People in my region, the Lower St. Lawrence, have not forgotten the high tides of December 2010. That evening, waves several metres high struck Sainte-Flavie and Sainte-Luce with tremendous force. Some homes were damaged, some shifted. The main road was swept away by the sea, and the coastline receded in a single night. It was not a trivial matter for us. It was a clear sign of what climate change would bring to our region.
Since then, experts have confirmed it. Rising sea levels, the disappearance of the ice that once protected our coasts and more intense storms are accelerating erosion in eastern Quebec. What used to happen once in a generation is now happening much more often. Our coastal municipalities have been fighting for too long, practically alone. They do not need a new office in Ottawa. They need a reliable, involved and consistent partner.
Quebec, for its part, has adopted a modern legal framework with its Act to affirm the collective nature of water resources and to promote better governance of water and associated environments, as well as its Act respecting the conservation of wetlands and bodies of water. Quebec plans its interventions at the watershed level, as recommended by international best practices, and it already shares its hydrological data with its partners, which would be a good thing at the federal level as well.
We must also remember a simple constitutional truth: Waterway management, land use planning and emergency preparedness fall under the jurisdiction of Quebec and the provinces. Canada is made up of many nations. To suppose that a single centralized model can serve such disparate realities is to ignore the fact that the risks, territories and jurisdictions are diverse.
Let us not forget the St.

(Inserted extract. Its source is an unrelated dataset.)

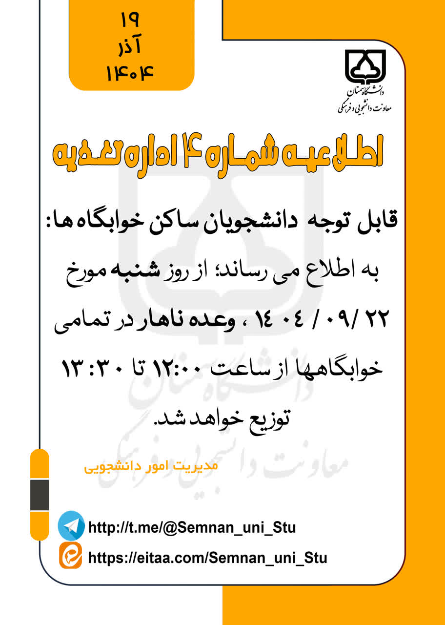 اطلاعیه شماره 4 اداره تغذیه نیمسال اول سال تحصیلی 1405-1404 1404/09/29 - 10:13 تعداد بازدید: 34 کلمات کلیدی

Lawrence River, a living and complex river that calls for detailed, local, place-based expertise. The government is grappling with soaring climate costs, but it is doing nothing to curtail the causes of climate change. Over the past 10 years, natural disasters have cost the country more than $2.5 billion a year. In Quebec, compensation increases year after year, and insurance premiums rise accordingly. In many cases, less fortunate households are located in the most vulnerable areas. Adaptation is not just an infrastructure issue; it is also a social justice issue. In my region, the Lower St. Lawrence, farmers' soils are drying out, their crops are less robust and their costs are going up. Hydrological forecasting is not a luxury; it is crucial to food security.
There is a fundamental disconnect here. The government is proposing a new structure for predicting climate disasters while it continues to support oil and gas projects that make climate change worse. Improving our ability to predict storms while funding what makes them more violent makes no sense.
That is why the Bloc Québécois is proposing concrete measures: enhance the disaster mitigation and adaptation fund, provide more support to fight shoreline erosion, and implement a co-insurance program to protect households located in the most at-risk areas. These are not mere suggestions. These are realistic, workable solutions that people want to see.
Bill C‑241 does not build any real capacity. It does not address any weaknesses within the Meteorological Service of Canada. It does not respect the jurisdictions of Quebec and the provinces. It does not help municipalities, which are already dealing with the climate crisis every day.
The climate emergency requires political courage, not imaginary structures. It requires results, not intentions. Quebec does not need a new federal structure. It needs the federal government to finally do its part. What is missing today is not a national strategy. What is missing is the will to act.